Вскоре мы пошли по домам. На одном из перекрёстков Дженни с Артом свернули и помахали нам с Лолитой. Ло молча взяла меня под руку.

- Чем занимался это время?

- Книжки читал.

Пауза.

- А с той девочкой не встречался, со своей одноклассницей?

- Она уехала. На следующий день.

У Ло на уголках губ едва мелькнула улыбка.

- Ты об этом жалеешь? - осторожно спросила она.

- Тебя это так сильно занимает? - Снова пауза, и на этот раз я, кажется, перегнул палку. Мне вовсе не хотелось отпускать от себя Лолиту. Мне очень захотелось физической близости с этой девушкой. Не только в том смысле, что сексом мне хотелось с ней заняться. Присутствия её хотелось. Я не знал, что говорить, но отступать было поздно, и я продолжал в том же духе. - Почему ты не звонила? Пропал интерес к английскому языку?

- Я полагаю, ты мог бы мне позвонить.

"Ну вот ещё!" - подумал я про себя. А вслух произнес:

- Может и так.

Ло вложила свою ладонь в мою – знак благодарности за то, что я иду на компромисс. Мы подошли к её подъезду.

- А завтра позвонишь? - И не дожидаясь ответа, чмокнула меня в щёку и забежала в подъезд.

 

 

 

IV

 

 

 

Мир рок'н’рольный иллюзий беспечных

Сладкий портвейн, кока-кола и фантики,

Марихуана, тропиночки млечные

Край откровений и пляжной романтики

(Авт.)

 

Появление первых советских рок коллективов было явлением – очень неординарным. Всё происходило по особенному, на фоне отрицаний и неприятия того, что называлось Социалистическим Искусством. У отечественных рок музыкантов-семидесятников были предтечи ещё в шестидесятые. Речь идёт не только о западных их собратьях. Были и Русские рок творцы, чьи имена просто канули в лету. И если сейчас мы имеем возможность послушать (в буквальном смысле репетиционные) записи британских или американских рокеров-шестидесятников, переизданные на компактах, то от советских братков остались, видимо, только стихи. Да и то, в самиздатовских вариантах. Основной причиной, по которой первые отечественные рок-поэты-певцы не овладели умами миллионов, была невозможность передачи информации посредством качественных звуконосителей. Иными словами, неважное качество полулегальной музыкальной продукции не позволяло им стать знаменитыми и богатыми.
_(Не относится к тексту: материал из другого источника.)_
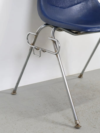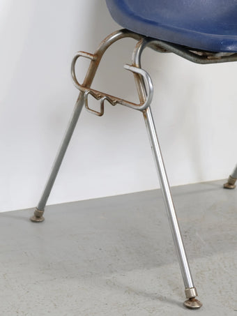1970年代 ヴィンテージ アイアンベース ブループラスチック シェルチェア イス
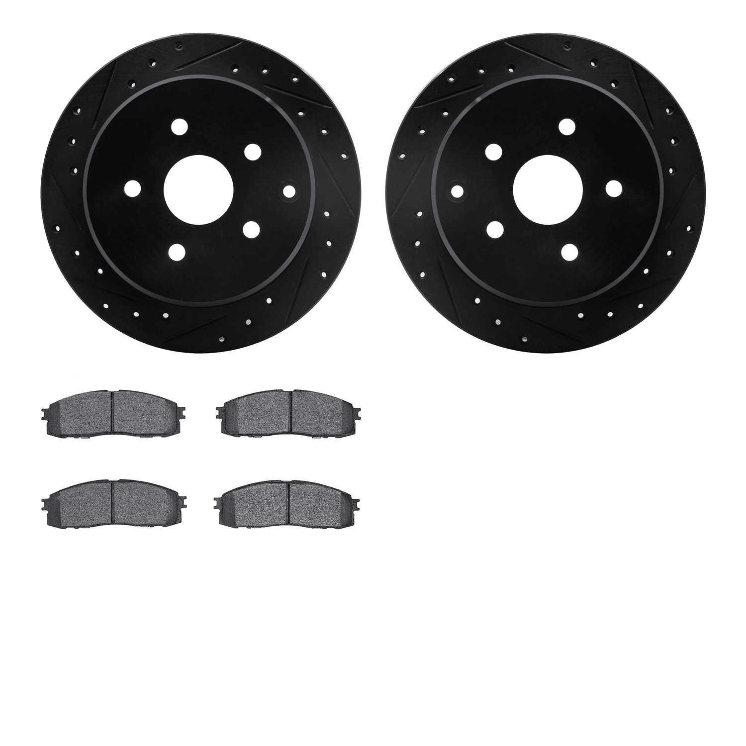 - DFC Rotors-Drilled and Slotted-Black with 5000 Advanced Brake Pads
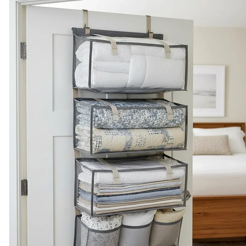 Behind-the-door storage transforms forgotten space into valuable bedding organization real estate. These over-the-door organizers hang from the top of your bedroom or closet door, featuring pockets or shelves for storing smaller bedding items. You can keep pillowcases, decorative pillow covers, or lightweight throws neatly arranged and instantly accessible. This solution requires no installation or hardware, making it perfect for renters or those who avoid drilling holes. The slim profile ensures doors still close properly while maximizing storage potential. Some designs include adjustable shelves or customizable pocket arrangements, allowing you to configure the storage to match your specific bedding collection and organizational preferences perfectly.
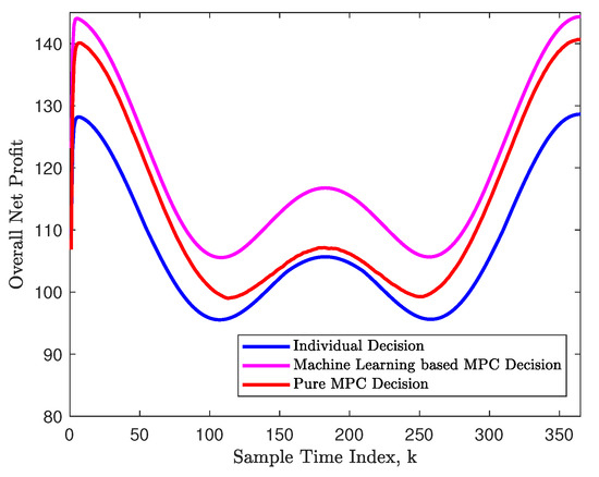 The comparison of the overall net profits at each sample time index for individual decisions, machine learning-based MPC decision and pure MPC decision.
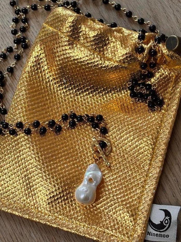 Ninemoo Gold & Black Bead Long Necklace with drop pearl

Разумеется, был ещё целый ряд препятствий: жёсткая цензура на радио и телевидении, господство одной идеологии и т.д. В фильме Оливера Стоуна "Doors" студент кино-колледжа по имени Джим Моррисон, будущий основатель легендарной рок группы, с бухты-барахты начинает писать стихи-тексты. Не очень владея секретами вокального мастерства, молодой поэт сколачивает бэнд*(18) и, чуть ли не через полгода, уже купается в славе. Понятно – Джим, что называется, попал в струю, оказался в нужную эпоху, в нужном месте и т.д. Ко всему, он был очень талантлив и прозорлив. Но в киноповести о рок’н’рольном пророке ни слова, ни намёка про то, как музыкантам приходится зарабатывать на инструменты, платить за качественную запись, за аренду зала, в котором выступаешь. Как будто всё само на голову свалится – достаточно быть талантливым.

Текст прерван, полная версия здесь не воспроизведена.